- **TASK DIRECTIONS**: Leave out the pictures and retype, exactly, the lines below from the line with "IAAI Nr: I-44882820" up to and including the line with "まだ成人には達していませんが", nothing more.

================

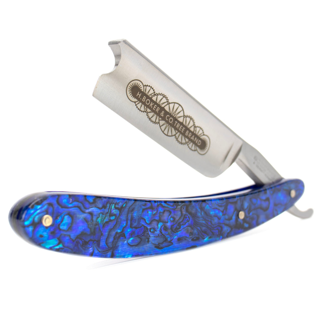 Boker is one of the world's premier cut throat razor manufacturing companies based in Solingen, Germany. This exceptional razor boasts a robust 7/8-inch wide blade, complete with a Barber's Notch. Paua, unlike typical abalones, are crustaceans exclusive to the pristine coastal waters of New Zealand, and they have adorned the... Read more
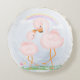 CUTE PINK MAMA AND BABY FLAMINGOS ROUND CUSHION
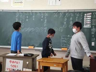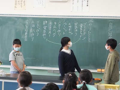 ワークシートに書いたあと、黒板に振り返りを書きました。
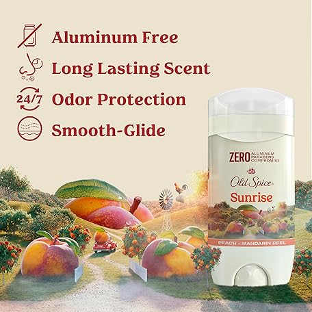 Thông tin sản phẩm Old Spice Aluminum Free Deodorant for Men, 24/7 Lasting Freshness & Long Lasting Scent, 24/7 Sweat & Odor Protection, Sunrise with Peach + Mandarin Peel Scent, 3.0 oz
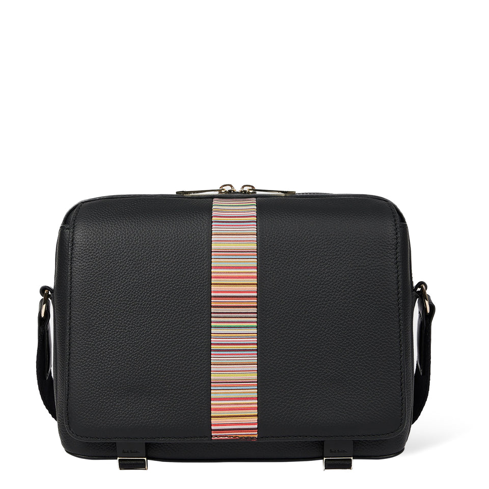 Paul Smith Leather Signature Stripe Trim Messenger Bag Black
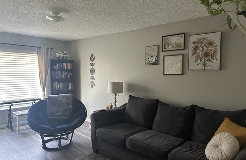 This beautiful townhome has everything you need and is greatly located within miles of attractions, theme parks, colleges, and hospitals in the Orlando area . Nestled in the small neighborhood of Moss Cove Townhomes, this corner unit home is fully equipped with washer/dryer, a 72" flatscreen TV, "his and hers" sinks in the renovated upstairs bathroom, two large closets in each of the bedrooms and a very comfortable couch. A desk is located in one of the bedrooms and a TV is located in the other. There is a bookshelf filled with a variety of genres as well as a furnished, screened-in porch. Two property managers are available and located close by in case of urgent house matters.
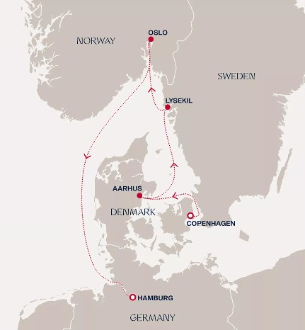 - 暢遊: 丹麥(哥本哈根、奧胡斯)、瑞典(呂瑟希爾(約塔蘭))、挪威(奧斯陸)、德國(漢堡)
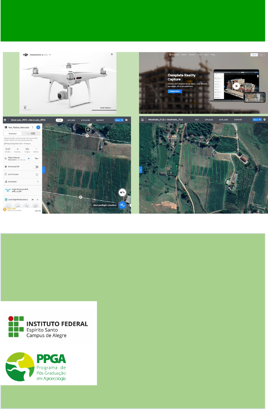 Planejamento de voo utilizando o DroneDeploy: Passo a passo Thiago Blunck Rezende Moreira Jéferson Luiz Ferrari Otacílio José Passos Rangel Alexandre Rosa dos Santos Alegre, ES Setembro/2022 MANUAL TECNOLÓGICO - Nº 12 DOI: 10.36524/9788582635896 Editora do Instituto Federal de Educação, Ciência e Tecnologia do Espírito Santo R. Barão de Mauá, nº 30 – Jucutuquara 29040-689 – Vitória – ES www.edifes.ifes.edu.br | editora@ifes.edu.br Reitor: Jadir José Pela Pró-Reitor de Administração e Orçamento: Lezi José Ferreira Pró-Reitor de Desenvolvimento Institucional: Luciano de Oliveira Toledo Pró-Reitora de Ensino: Adriana Pionttkovsky Barcellos Pró-Reitor de Extensão: Renato Tannure Rotta de Almeida Pró-Reitor de Pesquisa e Pós-Graduação: André Romero da Silva Coordenador da Edifes: Adonai José Lacruz Conselho Editorial Aldo Rezende * Ediu Carlos Lopes Lemos * Felipe Zamborlini Saiter * Francisco de Assis Boldt * Glória Maria de F. Viegas Aquije * Karine Silveira * Maria das Graças Ferreira Lobino * Marize Lyra Silva Passos * Nelson Martinelli Filho * Pedro Vitor Morbach Dixini * Rossanna dos Santos Santana Rubim * Viviane Bessa Lopes Alvarenga Revisão de texto: Projeto gráfico: Diagramação: Capa: Imagem de capa: Jéferson Luiz Ferrari Thiago Blunck Rezende Moreira Jéferson Luiz Ferrari Thiago Blunck Rezende Moreira Thiago Blunck Rezende Moreira DOI: 10.36524/9788582635896 Esta obra está licenciada com uma Licença Atribuição-NãoComercial-SemDerivações 4.0 Brasil. 3 Manual Tecnológico Nº 12 Planejamento de voo utilizando o DroneDeploy: Passo a passo Thiago Blunck Rezende Moreira, Engenheiro Agrimensor e de Segurança do Trabalho, Mestrando no Programa de Pós-Graduação em Agroecologia do Instituto Federal do Espírito Santo – Campus de Alegre, Alegre, ES. E-mail: tbrmoreira@hotmail.com. Jéferson Luiz Ferrari, Dr. em Produção Vegetal, Professor no Instituto Federal do Espírito Santo – Campus de Alegre, Alegre, ES. E-mail: ferrarijl@ifes.edu.br. Otacílio José Passos Rangel, Dr. em Solos, Professor no Instituto Federal do Espírito Santo – Campus de Alegre, Alegre. E-mail: ojprangel@ifes.edu.br. Alexandre Rosa dos Santos. Dr. em Engenharia Agrícola. Professor da Universidade Federal do Espírito Santo, Alegre, ES. E-mail: mundogeomatica@yahoo.com.br. Introdução Um dos princípios fundamentais da Agroecologia é a sustentabilidade. As geotecnologias podem ser aplicadas no meio rural, no estudo e monitoramento de animais, em políticas públicas, na pecuária, em zoneamentos agroecológicos determinando as limitações e potencialidades do meio físico para diferentes atividades, apontando as necessidades de preservação e conservação ambiental, identificando e delimitando áreas de conflitos entre uso atual, legislação, potencial de uso e necessidades de preservação e conservação ambiental (ROSA, 2005). Assim estimular o uso de softwares livres, para planejamento de voos com fotos capturadas por sensores embarcados em Aeronaves Remotamente Pilotadas (ARP), de baixo custo relativo, corrobora para a sustentabilidade. Com uma elevada quantidade de algoritmos computacionais capazes de processar, analisar, quantificar e gerar índices de vegetação, é possível extrair informações agroecológicas, como o uso da terra e a identificação de áreas que necessitam de conservação e preservação ambiental por meio da aquisição e atualização de dados espaciais, contribuindo no meio científico para uma agricultura sustentável. A utilização de ARP, popularmente conhecidas por Vants (Veículos aéreos não tripulados) ou por drones tem ganhado um espaço notável, em nível global, seja pelo seu uso recreativo ou pelo uso profissional. Na área de ciências agrárias, o uso dessas tecnologias tem possibilitado o monitoramento das culturas e a detecção de problemas fitossanitários da plantação, por meio de sensores acoplados nas aeronaves (VIANA et al., 2018; RESENDE et al., 2020), e contribuído para cortar custos e aumentar a produtividade das culturas (DE OLIVEIRA et al., 2020). Vale destacar que para comandar uma ARP é necessário observar e seguir as regras da Agência Nacional de Aviação Civil (ANAC) e do Departamento do Controle do Espaço Aéreo mailto:tbrmoreira@hotmail.com mailto:ferrarijl@ifes.edu.br mailto:ojprangel@ifes.edu.br mailto:mundogeomatica@yahoo.com.br 4 Manual Tecnológico Nº 12 Brasileiro (DCEA) e demais agências reguladoras (ANATEL, ANTAQ, ANEEL) (DE PAULA; ROVER; DE SOUZA, 2021). Os voos, quando autorizados, podem ser feitos em tempo real a partir da superfície terrestre ou de forma planejada, a partir de um plano de voo realizado com o auxílio de softwares de controle e processamento (VAN REES, 2015; DRONEDEPLOY, 2020; DAMBROSKI et al., 2021). O presente Manual tem como objetivo demonstrar o passo a passo do planejamento de voo por drones utilizando o programa computacional “DroneDeploy”. Trata-se de um aplicativo de voo automatizado que disponibiliza aos seus usuários duas formas para realizar seus projetos. A primeira é por aplicativo, disponíveis para os sistemas Android e iOS, e a segunda é no próprio site da empresa. Os projetos que forem realizados podem ser acessados tanto na plataforma quanto em um dispositivo móvel, uma vez que a atualização é feita automaticamente quando estiver conectado à internet. É um aplicativo de voo gratuito para a realização do planejamento e execução dos voos. Os Vants suportados pelo DroneDeploy são: “Inspire 2”, “Mavic Air”, “Mavic Air 2”, “Mavic Pro”, “Mavic Pro Platinum”, “Mavic 2 Pro”, “Mavic 2 Enterprise Zoom”, “Mavic 2 Enterprise Dual”, “Matrice 100”, “Matrice 200”, “Matrice 210”, “Matrice 210 RTK”, “Matrice 200 V2”, “Matrice 210 V2”, “Matrice 210 RTK V2”, “Matrice 300 RTK”, “Phantom 4”, “Phantom 4 Advanced”, “Phantom 4 Pro”, “Phantom 4 Pro V2.0”
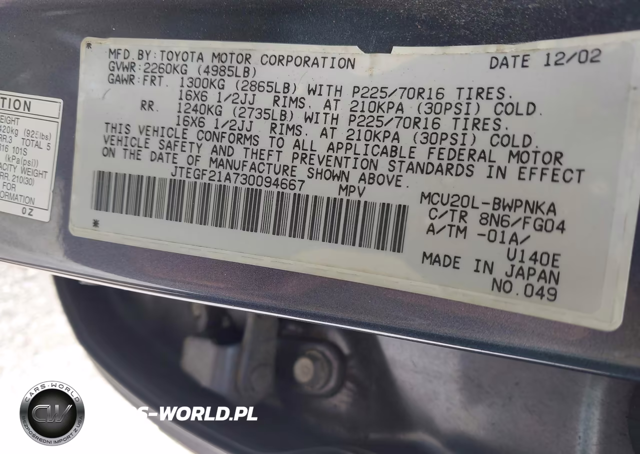 IAAI Nr: I-44882820 VIN: JTEGF21A730094667 Port: Houston, TX
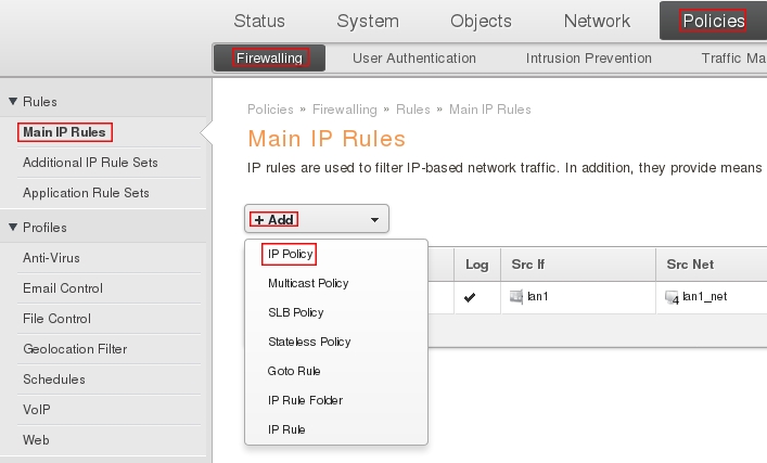 Пройдите в web интерфейсе Policies → Firewalling → Main IP Rules, затем нажмите кнопку Add и из выпадающего меню выберите IP Policy.
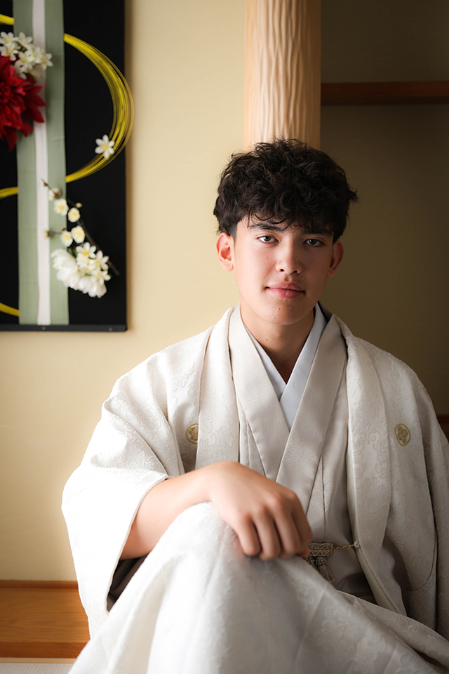まだ成人には達していませんが、「せっかくの機会だから」と白を基調とした紋付きの羽織袴をお召しになり、1人撮影も行いました。
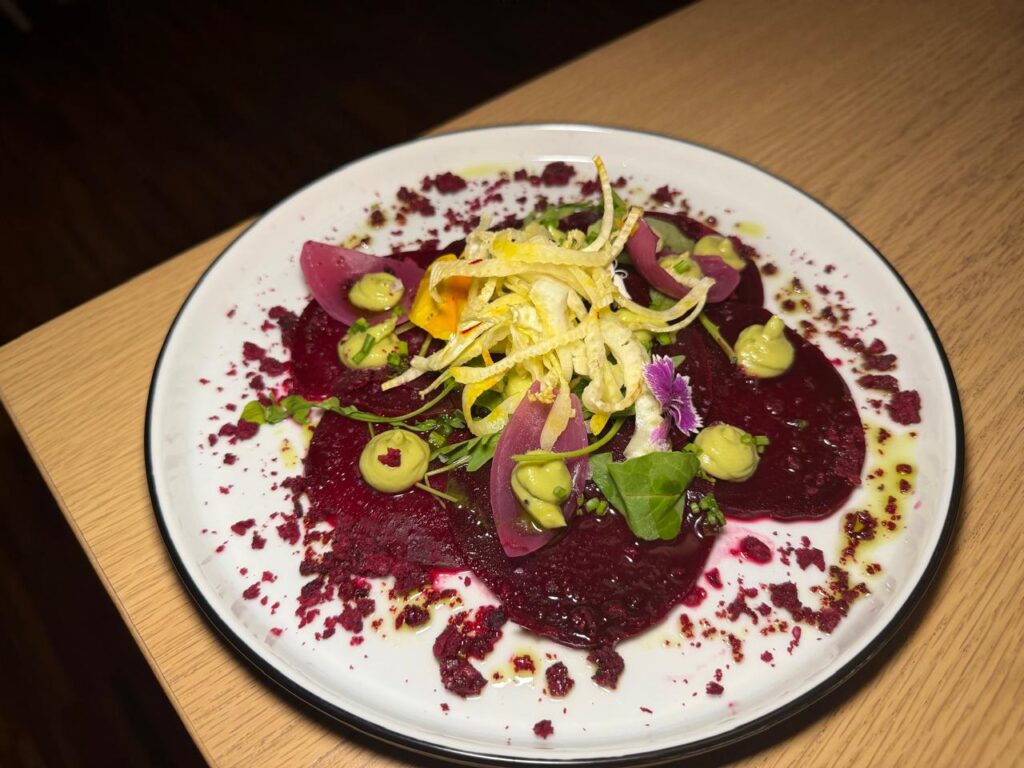 Το καρπάτσιο παντζαριού, που θα μπορούσε να ήταν και έργο τέχνης στα χέρια κάποιου καλλιτέχνη, ήρθε να δώσει χρώμα και ένταση. Ακτινίδιο και αβοκάντο μους, πίκλες από κόκκινο κρεμμύδι, φινόκιο και ραπανάκια. Οξύτητες που ξυπνούν τον ουρανίσκο, ο οποίος διερωτάται πώς ένα πιάτο λαχανικών μπορεί να έχει τόση ισορροπία. Από εκείνα τα πιάτα που δεν θέλεις να χαλάσεις, αλλά τελικά το κάνεις – και καλά κάνεις.
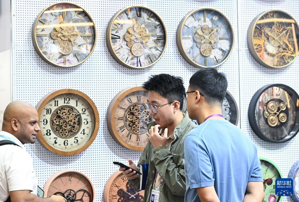 10月23日,境外采購(gòu)商在鐘表展臺(tái)洽談。
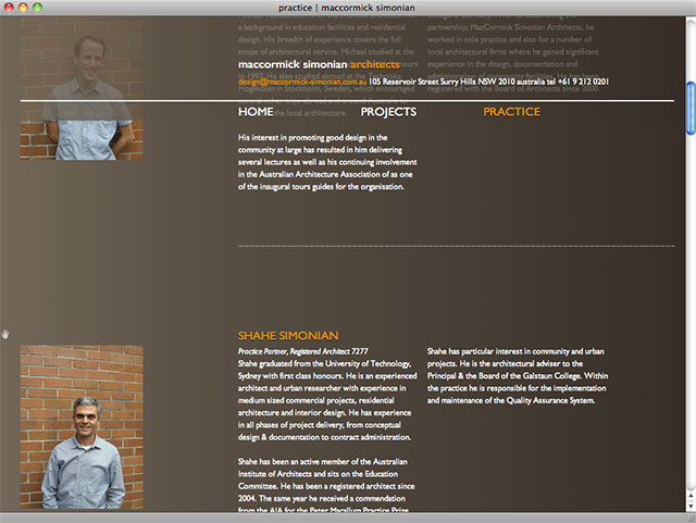 MacCormick Simoninan Architects 2010 website An architect’s website. Our design for this Sydney practice is rich with photo imagery – the interface ‘keeps you on the page’ even as you view categories in detail. all development Textpattern CMS ongoing support Made in Korokoro
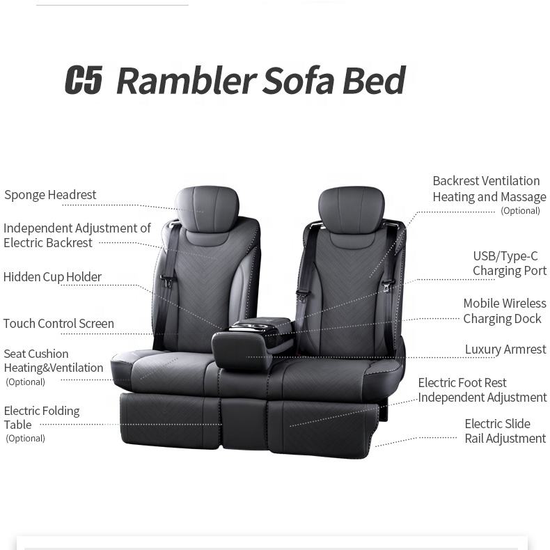 โซฟาปรับนอนคุณภาพสูงระดับหรูหราแบบกำหนดเองสำหรับรถยนต์ Volkswagen Multivan Caravelle
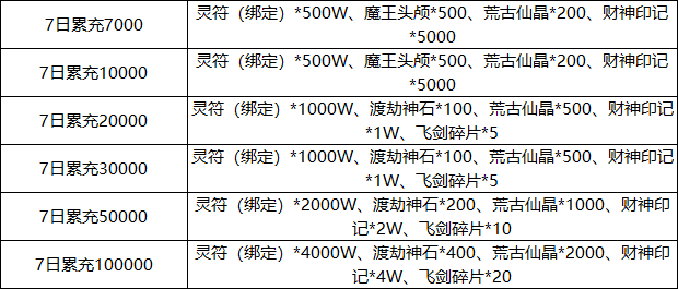 活动期间,累计充值达到指定档位,即可领取对应礼包。每个档位限制领取一次,例如:玩家充值2W,可以领取2W档位及2W之前全部档位奖励
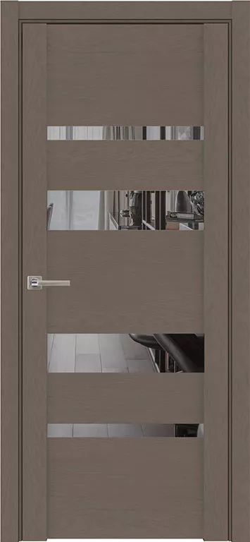 Глухое полотно двери разбавлено стеклянными вставками по всей высоте. Завершенный образ модели придают ровные, не рельефные наличники и выполненная в едином стиле фурнитура.
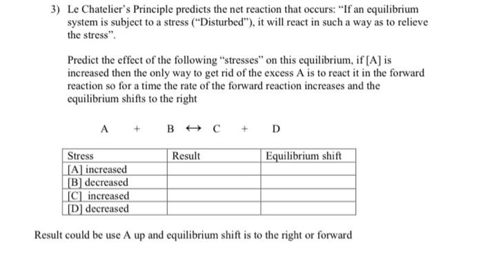 Solved 3 Le Chatelier S Principle Predicts The Net Reaction Chegg Com
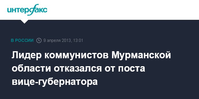 Мурманск. 9 апреля. INTERFAX.RU - Первый секретарь мурманского отделения КПРФ Геннадий Степахно отклонил предложение главы региона Марины Ковтун занять пост вице-губернатора.
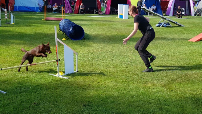 Jinnie nollade båda hopploppet, det ena en placering från pinne. I agilityklassen blev det en retlig disk och ett lopp med 15 fel (kontaktfält balansen, 2 vägran). Hon gick bra hela helgen, jag hade kunnat jobba på henne bättre vid balansen och även stöttat henne mer vid hindren. Hon låste inte klart innan jag stack och ibland är hon väldigt känslig på det. En hopploppet jag körde sa jag nog Jinnie ca 54 gånger 😀 men det är då vi kör som bäst.

================

- **ANSWER SPACE**:
 IAAI Nr: I-44882820 VIN: JTEGF21A730094667 Port: Houston, TX
 Пройдите в web интерфейсе Policies → Firewalling → Main IP Rules, затем нажмите кнопку Add и из выпадающего меню выберите IP Policy.
まだ成人には達していませんが、「せっかくの機会だから」と白を基調とした紋付きの羽織袴をお召しになり、1人撮影も行いました。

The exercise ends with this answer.